Quick Story

November 30, 2009

And so she made the fractures of her heart into dents: Still present, still remembered, but not deep and paining enough to sag her steps. Her feet would rise and fall slowly with the rhythm of her breathing–But yet they rose…!

Storytellin’!

November 29, 2009

So I did some storytellin’ the other day. Hit up 7:00 minutes in or so, though the rest of the show’s fun too. I really enjoy this weird magical realism/jazz mode I write in sometimes… If you ever wonder how I thought it up, read Coming Through Slaughter. Incredible book that I could rant about for days, it’s basically a half-truth poetic pseudo-biography of a historically mysterious jazz musician who played before jazz was called jazz. But yeah! Here:

Click here, Mr. saxophone player.

(Falls a little short, but eh! Fun to write.)

The Grumplelump

There lives a creature in Karimakoo,
Where the Grinkles eat grapleleaves and honeydew
And the Crickleups frolick all night and all day,
But this poor creature, the Grumplelump, does not get to play,
Instead, he sleeps sadly, all forlorn and upcurled,
For on his back sits the rest of the world.

“Righteous Days”

November 28, 2009

(OR: Fun with attempts at cliche-less dialogue and making up colloquialisms!)

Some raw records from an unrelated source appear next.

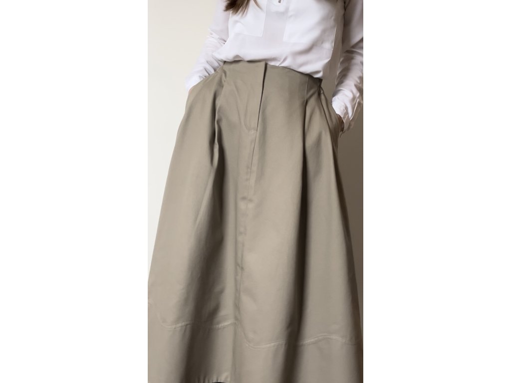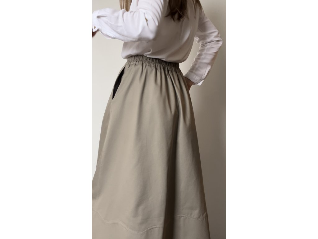 Tato sukně je dokonalým spojením čistého designu a propracovaného řemesla. Žádné zbytečné ozdoby, žádné rušivé prvky – jen klidná elegance, kterou snadno zkombinujete se svými oblíbenými kousky. A malé tajemství? Na rubní straně ji zdobí jemné květinové lemování, které je tu jen pro vás.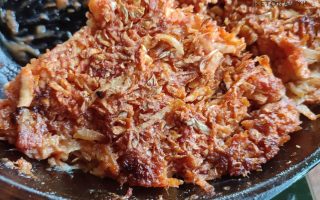 Chorizo pokroić w kostkę, podsmażyć, dodać czosnek i cukinię. Doprawić solą i pieprzem. Dusić kilka minut. Zdjąć z ognia. Wlać, ciągle mieszając, zblendowany mascarpone z żółtkami oraz potarty Cheedar . Zjadać najlepiej od razu.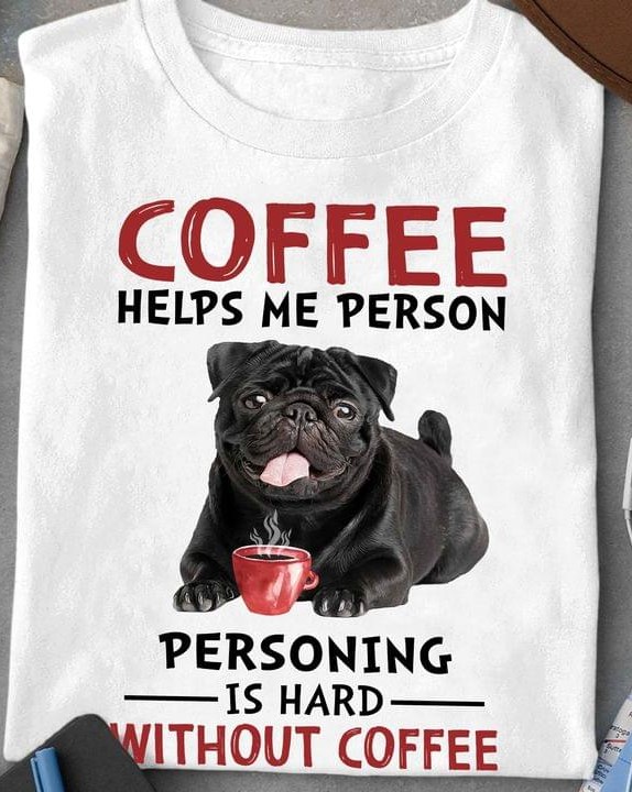 Coffee Helps Me Person Personing Is Hard Without Coffee Bulldog Drinking Coffee Shirt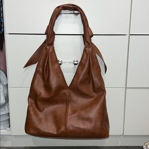 Sondra Roberts Squared Faux Pebbled Leather Knotted Handle Tote Bag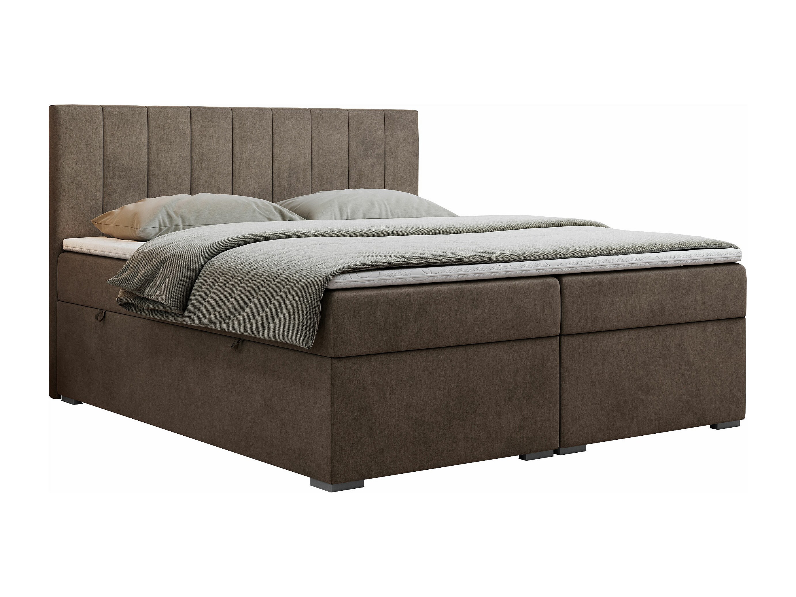 Boxspringbett LOPE - genähtes Kopfteil, Doppelbett mit Stauraum, Multipocket-Matratze, Topper - 140x200 cm - H4 - Braun Velvet
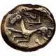 Reversbeschreibung Horse galloping left; above the horse, the charioteer; triskelion under the horse.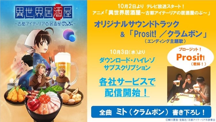 クラムボンのミト(B)が劇伴を手がけるテレビアニメ「異世界居酒屋~古都アイテーリアの居酒屋のぶ~」のオリジナルサウンドトラックが本日10月3日に配信リリースされた。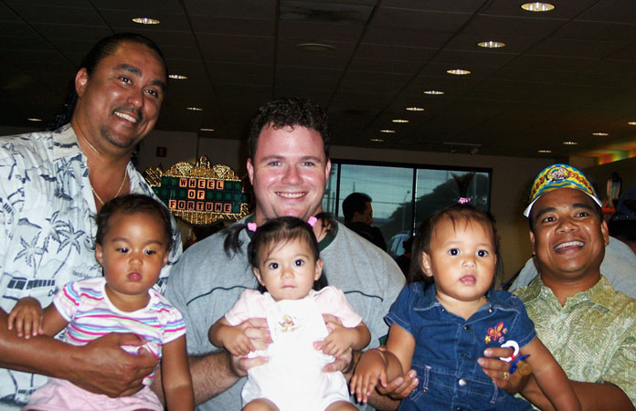 The Daddys had fun with us at Chuck E. Cheese;even though we all three were traumatized by a giant rodent.

“So I’m on the shop shift the other day, right? Nobody comes in all day, surprise, it’s a wonder that Lee still lets the place stay open. But yeah, so I sit around and let the place sit still with me, read some of the magazines, that sorta stuff–”
“Get the damn story out, Johnny!”
“I’m getting, I’m getting! Right, so, sittin’ there, and about an hour before the place dies the daily death, and good spirit up high, this kid walks in!”
“Kid!”
“Kid! It’s crazy! I mean, I get some old creeps every now and then, chah, but a kid! In the shop! I barely knew how to sit! I mean, my mind ain’t quiet around kids in the first place, couldn’t really understand ’em after I stopped bein’ one, chah, but here! The shop ain’t really decent enough to be a playground, catch?”
“Catch, yeah, but what, you chase him out the chimney or somethin’?”
“Nah, nah, I let him wander the place a little first. Didn’t really know how to dig for a split tick, but then I guessed I could just let him go off and see the shop around, chah? So he goes off around the place.”
“And then he…?”
“And then he comes up to the marbletop counter holding an old violin he cropped off one of the shelves and goes, ‘Pretty crap shop y’got here, oldskin.'”
“Crap shop!”
“Crap shop!”
“Kid had some spikes on his back, he did!”
“Crap shop! Spikes! I mean, I ain’t proud of the place, chah, it ain’t even my spot to be proud of, but just callin’ it like that! Kid had spikes to the ears! Little bastard! So I give him a stare for a tick and soon enough ask him why he thought it was a crap shop. He goes, ‘Got nothin’ here that ain’t got a dust coat.’ I tell him that’s the sort of deal that gets hunted for around here. And he runs off his mouth, ‘Ain’t a deal if it’s a deal fer nothin’s worth.'”
“Y’hit him, right?”
“I tried, chah, but the kid dodged, dropped the damn violin to the ground (it didn’t get any more bent up, ‘least that) and ran down for outside’s safety. I fired down after him yelling death and curses like a black siren, already thinkin’ how I could grab his hair and brand his cheek red with my palm, but he hopped one of the broken windows and made off down the horizon like a jackrabbit on ice.”
“Skedaddled!”
“So I stayed grounded for a tick or two, real thoughtful in my little world, and soon then went back in to the counter. And would you know it?”
“What’d I know?”
“Kid left a shoe. Ran clean out of it.”
“A shoe! Ha, put it on a shelf and stick a number on it.”
“Think I will, chah. Kid gave me some merchandise for my worries, hah!”
“Hah! Man, Johnny, for a guy with a dead-boring gig…”
“I catch that, man. I catch.”
“Hah… ‘crap shop’. …Hah!”
“‘Crap shop.'”

Starting back up soon!

November 26, 2009

Probably this weekend. Oh snap. Here’s a random poem to tide you over when someone told me to write about anything:

“Anything”, you say! Oh, what poet’s plight is this?
To such an end, there’s none! Like asking a lover
To choose their partner from all the world that they know not!
The mere work makes me grasp around–
A flower! A soul! Some dream, or crooked streetlight,
Some tower that stands to be made symbolic,
Some reason with words to sulk or frolic,
Aie! Give me the curve of the Earth to write upon,
And my words shall not be visible in worldly scope,
Though at least, perhaps, to a kinder, smaller wanderer,
A passerby, who will see such a grandly sighted poem,
etched on a rock by the road, and wonder.